C-10/20 Flightright

Contentverzamelaar

C-10/20 Flightright

Prejudiciële hofzaak    

Zie bijlage voor de verwijzingsuitspraak, en klik hier voor het dossier van het Hof van Justitie (voor zover beschikbaar).  

Termijnen: Motivering departement:     20 maart 2020
Schriftelijke opmerkingen:                        6 mei 2020

Trefwoorden :  compensatie luchtreizigers, aankomsttijd,

Onderwerp :

Verordening (EG) nr. 261/2004 van het Europees Parlement en de Raad van 11 februari 2004 tot vaststelling van gemeenschappelijke regels inzake compensatie en bijstand aan luchtreizigers bij instapweigering en annulering of langdurige vertraging van vluchten en tot intrekking van Verordening (EEG) nr. 295/91

 

Feiten:

Verzoekster vordert, in haar hoedanigheid van gesubrogeerde in de rechten van een cedent, een compensatie van oorspronkelijk 250 EUR op grond van artikel 7, lid 1, onder a), van verordening 261/2004. Verweerster is een Duitse luchtvaartmaatschappij. De cedent boekte bij verweerster een vlucht van Neurenberg naar Düsseldorf met een geplande vertrektijd van 20.50u en een geplande aankomsttijd van 21.50u. Deze vlucht werd geannuleerd. De cedent is vervolgens op diezelfde dag met een vervangende vlucht gevlogen welke een geplande vertrektijd had van 16.50u en een geplande aankomsttijd van 18.00u. De cedent is dus 4 uur en 25 minuten vóór de oorspronkelijk geplande vertrektijd vertrokken en heeft zijn eindbestemming 3 uur en 50 minuten vóór de oorspronkelijk geplande aankomsttijd bereikt. De vliegafstand tussen Neurenberg en Düsseldorf bedraagt 365 km. Verweerster heeft verklaard dat het door verzoekster geclaimde bedrag met 50 % werd verlaagd overeenkomstig artikel 7, lid 2, onder a), van verordening 261/2004. Verzoekster heeft daarop bij akte van 23-10-2018 verklaard dat zij het geschil voor 125 EUR als afgedaan beschouwde. Verweerster heeft zich hiertegen verzet.

 

Overweging:

De uitkomst van het beroep hangt af van de uitlegging van artikel 5 en artikel 7, leden 1 en 2, van verordening 261/2004. De aan het Hof voorgelegde prejudiciële vragen over de uitlegging van deze verordening zijn relevant voor de vraag naar de gegrondheid van de aanspraak op de extra betaling van 125,00 EUR die verzoekster nog doet gelden alsook voor het daarnaast door verzoekster tevens gehandhaafde verzoek om een declaratoir vonnis over haar eenzijdige akkoordverklaring wat de gedeeltelijke betaling van 125,00 EUR betreft.

 

Prejudiciële vragen:

1) Moet de compensatieregeling bij annulering in artikel 5 juncto artikel 7 van verordening (EG) nr. 261/2004 aldus worden uitgelegd dat ook passagiers die meer dan een uur vóór de geplande vertrektijd met een andere vlucht naar hun eindbestemming worden gebracht en vroeger op die eindbestemming aankomen dan met de geplande (geannuleerde) vlucht het geval zou zijn geweest, compensatie verkrijgen met overeenkomstige toepassing van artikel 7 van deze verordening?
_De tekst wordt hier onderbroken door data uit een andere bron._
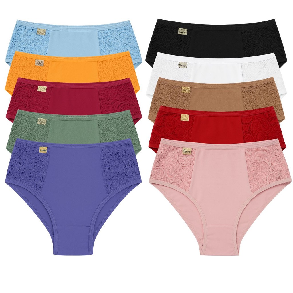 MELHOR PREÇO !! CONFORTO E QUALIDADE !! DIRETO DE FÁBRICA !! Contém: 5 Peças. Calcinha Vera – Cós Alto com Renda Forrada e Forro 100% Algodão. A calcinha Vera foi desenvolvida para oferecer conforto, saúde íntima e elegância no dia a dia. Com cós alto e laterais em renda forrada, garante um visual delicado sem abrir mão da discrição. Seu forro 100% algodão proporciona mais segurança e cuidado com a região íntima. Modelo no estilo tanga/tangão conforto, é ideal para quem busca bem-estar prolongado, especialmente no uso diário e para senhoras que priorizam maciez e comodidade. TAMANHOS: M: 38/40 G: 42/44 GG: 46/48 ---> Diferenciais: . Cós alto que modela suavemente. . Laterais em renda forrada, delicada e confortável. . Forro 100% algodão para manutenção da saúde íntima. . Estilo tanga/tangão conforto, perfeito para o dia a dia. . Toque macio e ótimo caimento. Uma peça versátil, discreta e extremamente confortável – perfeita para quem valoriza beleza, praticidade e bem-estar. OBS: As cores enviamos de forma sortida de acordo com a disponibilidade em nosso estoque, em kits maiores pode haver repetições. tendo alguma preferência de cores, só escrever por favor nas observações do seu pedido na hora que for realizar o pagamento. Qualquer dúvida, estamos disponíveis no chat para melhor ajudar. Será um prazer te atender =)

2. a) Indien de eerste vraag bevestigend wordt beantwoord: kan op basis van artikel 7, lid 2, van verordening (EG) nr. 261/2004 het volgens artikel 7, lid 1, van deze verordening in beginsel verschuldigde compensatiebedrag worden verlaagd naargelang van de vliegafstand, [Or. 2] wanneer de aankomsttijd van de andere vlucht vóór de geplande aankomsttijd van de oorspronkelijk geboekte vlucht ligt?

b) Indien vraag 2 a) bevestigend wordt beantwoord: kan de mogelijkheid van verlaging worden uitgesloten wanneer de aankomsttijd van de andere vlucht te ver vóór de geplande aankomsttijd van de oorspronkelijk geboekte vlucht ligt, bijvoorbeeld meer dan drie uur?